Introducing Neville – the Duck

No, not Nev – Neville!

Neville is now reputed to have many thousands of followers. He’s the latest West Walyalup, Rottnest Island selfie celebrity.

Forget Roger, think Neville.

On an island with over 10,000 quokkas, you might think Neville is a cute quokka, but no, Neville is a duck.

Neville is a wild Australian shelduck, also known as an Australian mountain duck or guraga in Noongar.

These ducks are very common on Rotto. You’ll find them all over the island and especially around the salt lakes where they breed and feed on brine shrimp.

The pic that started it all. Posted during January 2024. Now the cover photo for Rottnest Island Community Page on Facebook Groups

In January this year, a duck (now known as Neville) landed on a boat moored near Rottnest Island and peered through a hatch at the humans below. Someone on board took his picture and posted it on social media. Then Neville and Neville look-a-likes began appearing on the Rottnest Island Community Facebook page and the Rottnest Island Accommodation Swap page and, of course Instagram, and maybe even Threads.

Neville is a very inquisitive and friendly duck; he visits boats, accommodation, and even interacts with beach goers.

It now seems he is also a magician and appears in several places at the same time.

One theory is that Neville was hand-reared by a family on the island. It is, of course, entirely possible that there are several friendly shelducks on the island that are mistaken for Neville and possibly harassed by over enthusiastic Instagrammers seeking selfie shots with him.

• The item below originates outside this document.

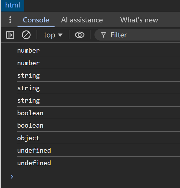 console.log(typeof a);

Shelducks mate for life; I have no idea of Neville’s age or if he has a significant other. Local artist Pip Phelps is planning a series of paintings dedicated to Neville who has now been hilariously named the unofficial Chairman of Rottnest Island.

It’s worth remembering that these ducks are wild animals and shouldn’t be fed human food or given water; they have salt glands (inbuilt desalinators) connected to their bills, which allows them to drink salt water. Shelducks eat green grass, algae, insects and mollusks. Feeding them encourages them to beg and makes them reliant on humans. Look what has happened with seagulls, ravens and quokkas begging for food on the island – we don’t need shelducks joining the fray.

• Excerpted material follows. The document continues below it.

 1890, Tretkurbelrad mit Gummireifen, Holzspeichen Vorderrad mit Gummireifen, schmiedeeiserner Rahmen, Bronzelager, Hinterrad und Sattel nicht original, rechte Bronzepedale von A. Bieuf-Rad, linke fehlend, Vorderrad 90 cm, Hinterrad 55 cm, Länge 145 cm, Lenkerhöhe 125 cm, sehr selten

There have been other celebrity birds on the island. 10-year-old Pete the Peacock, aka Henry, was the sole remaining peacock on Rottnest Island. He used to strut his stuff around the settlement but crowed for the last time in 2022 when the island reverted back to an all native A-Class Reserve. Watch out Neville!

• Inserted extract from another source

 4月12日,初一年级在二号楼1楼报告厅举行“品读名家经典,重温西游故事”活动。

Remember, it is illegal to feed wildlife on the Rottnest Island. Rangers can issue fines up to $10,000 for interfering with (including feeding) wildlife. The Department of Biodiversity, Conservation and Attractions (DBCA) Parks and Wildlife Service have always urged people to refrain from feeding native animals.

That aside, people are fascinated with wild animals in suburbia; last week our John McGlue wrote a wonderful article, Fox on the Run, about a fox at Leighton Beach who plays with humans.

Recently, Flaco, New York City’s beloved owl died after crashing into a building. He had escaped last year from his enclosure at Central Park Zoo and had become quite a celebrity around Central Park.

Fremantle Shipping News wish Neville a long and happy duck-life – shelducks can live to be 19!